◆ **What is expected**
Pictures aside, print all of the data below exactly as written.
:: Available data ::
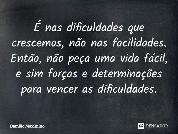 É nas dificuldades que crescemos, não nas facilidades. Então, não peça uma vida fácil, e sim forças e determinações para vencer as dificuldades.
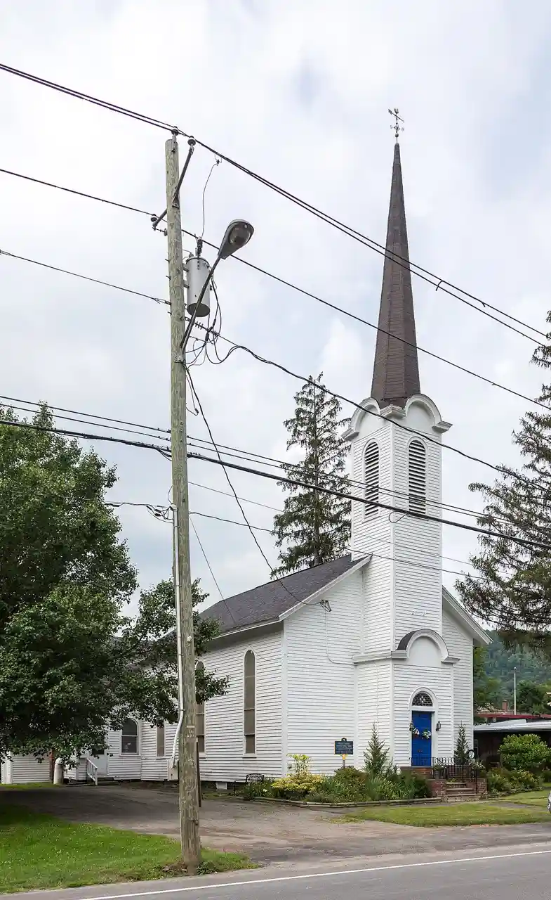 Roscoe Presbyterian Church and Westfield Flats Cemetery is a historic Presbyterian church and cemetery on Old NY 17 in Roscoe, Sullivan County, New York. The church was built about 1884 and is a simple rectangular wood-frame building, three bays wide and three bays deep, with a large rear cross-gabled wing. It features a narrow, engaged, center entrance tower surmounted by a spire. The cemetery contains about 200 burials, with the earliest dating to the first decade of the 19th century. See also: Read more on Wikipedia
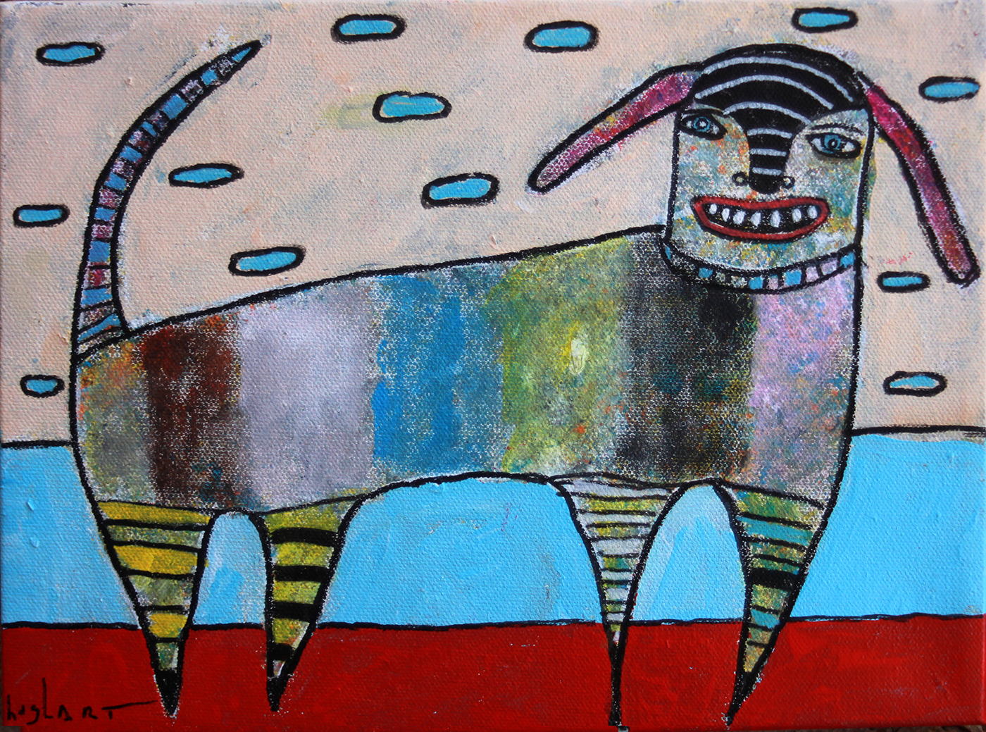 “DOESN’T BITE is a 9 x 12 x. .75 inch acrylic done on a high quality gallery wrapped (no staples on sides) canvas. Painted in 2026. Shipping is free in the United States. Please contact me for overseas shipping.
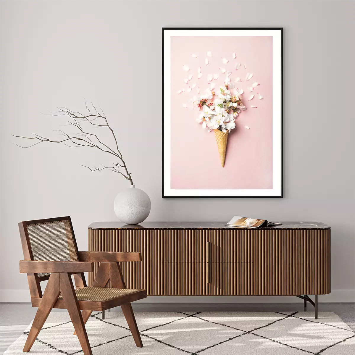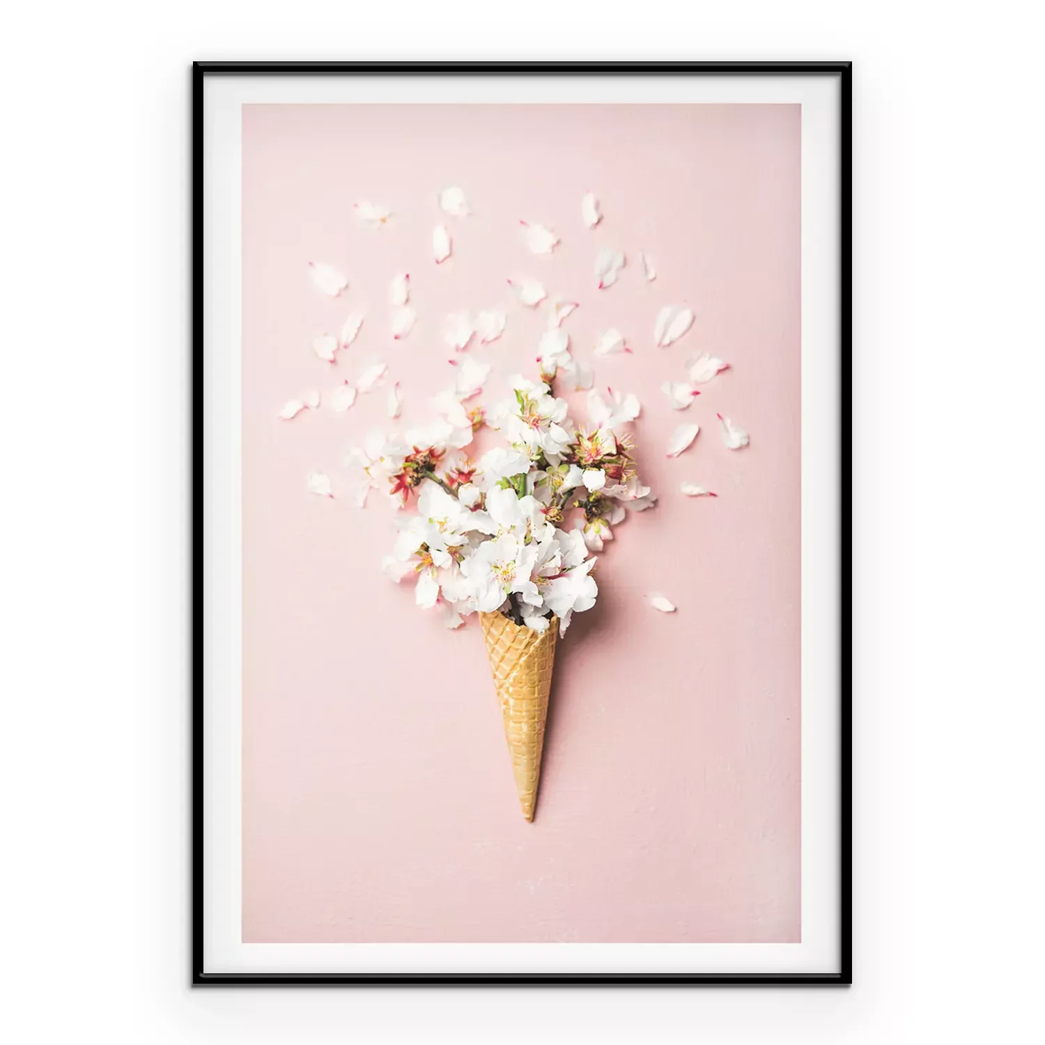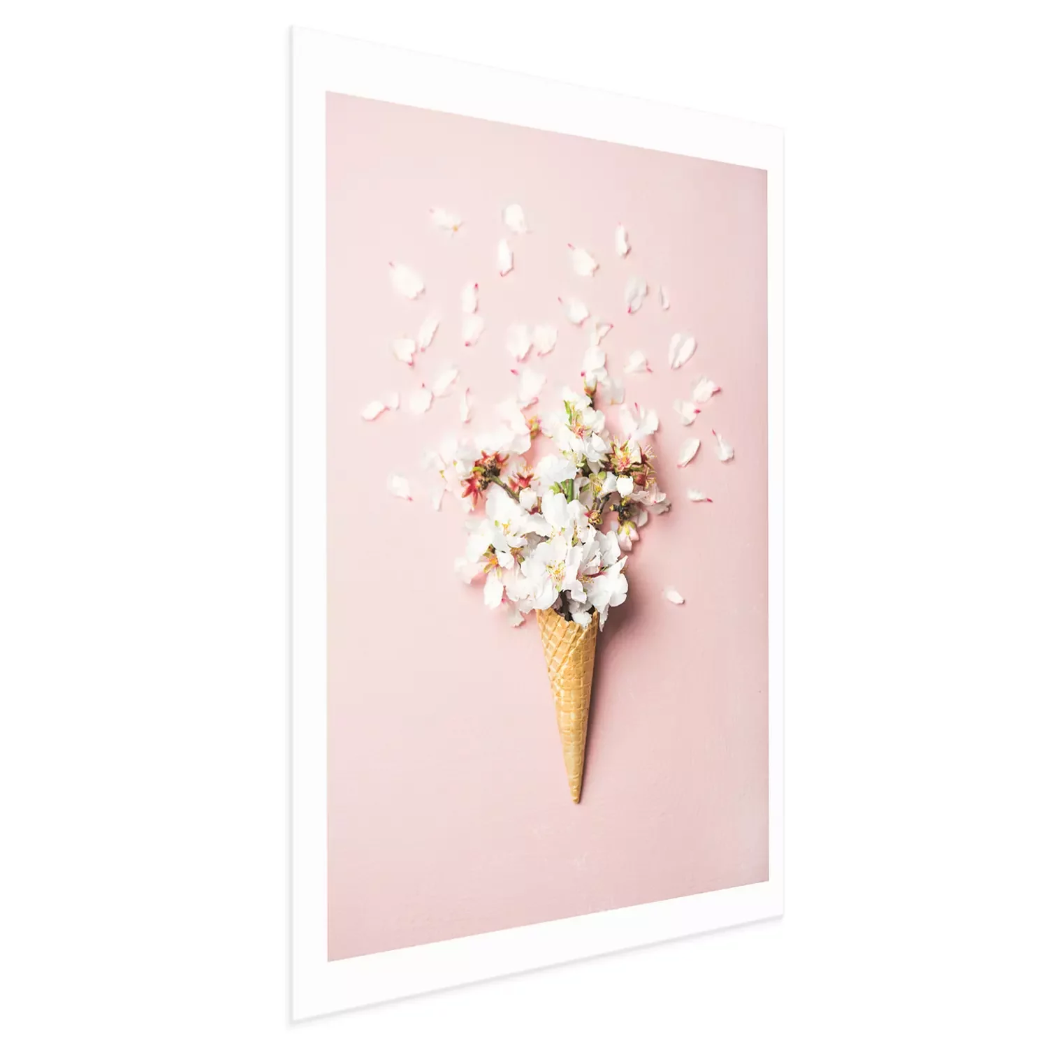 Poster: Kirschblüten in einer Waffeltüte auf rosa Hintergrund
:::
◆ **Solution below**
 É nas dificuldades que crescemos, não nas facilidades. Então, não peça uma vida fácil, e sim forças e determinações para vencer as dificuldades.
 Roscoe Presbyterian Church and Westfield Flats Cemetery is a historic Presbyterian church and cemetery on Old NY 17 in Roscoe, Sullivan County, New York. The church was built about 1884 and is a simple rectangular wood-frame building, three bays wide and three bays deep, with a large rear cross-gabled wing. It features a narrow, engaged, center entrance tower surmounted by a spire. The cemetery contains about 200 burials, with the earliest dating to the first decade of the 19th century. See also: Read more on Wikipedia
 “DOESN’T BITE is a 9 x 12 x. .75 inch acrylic done on a high quality gallery wrapped (no staples on sides) canvas. Painted in 2026. Shipping is free in the United States. Please contact me for overseas shipping.
 Poster: Kirschblüten in einer Waffeltüte auf rosa Hintergrund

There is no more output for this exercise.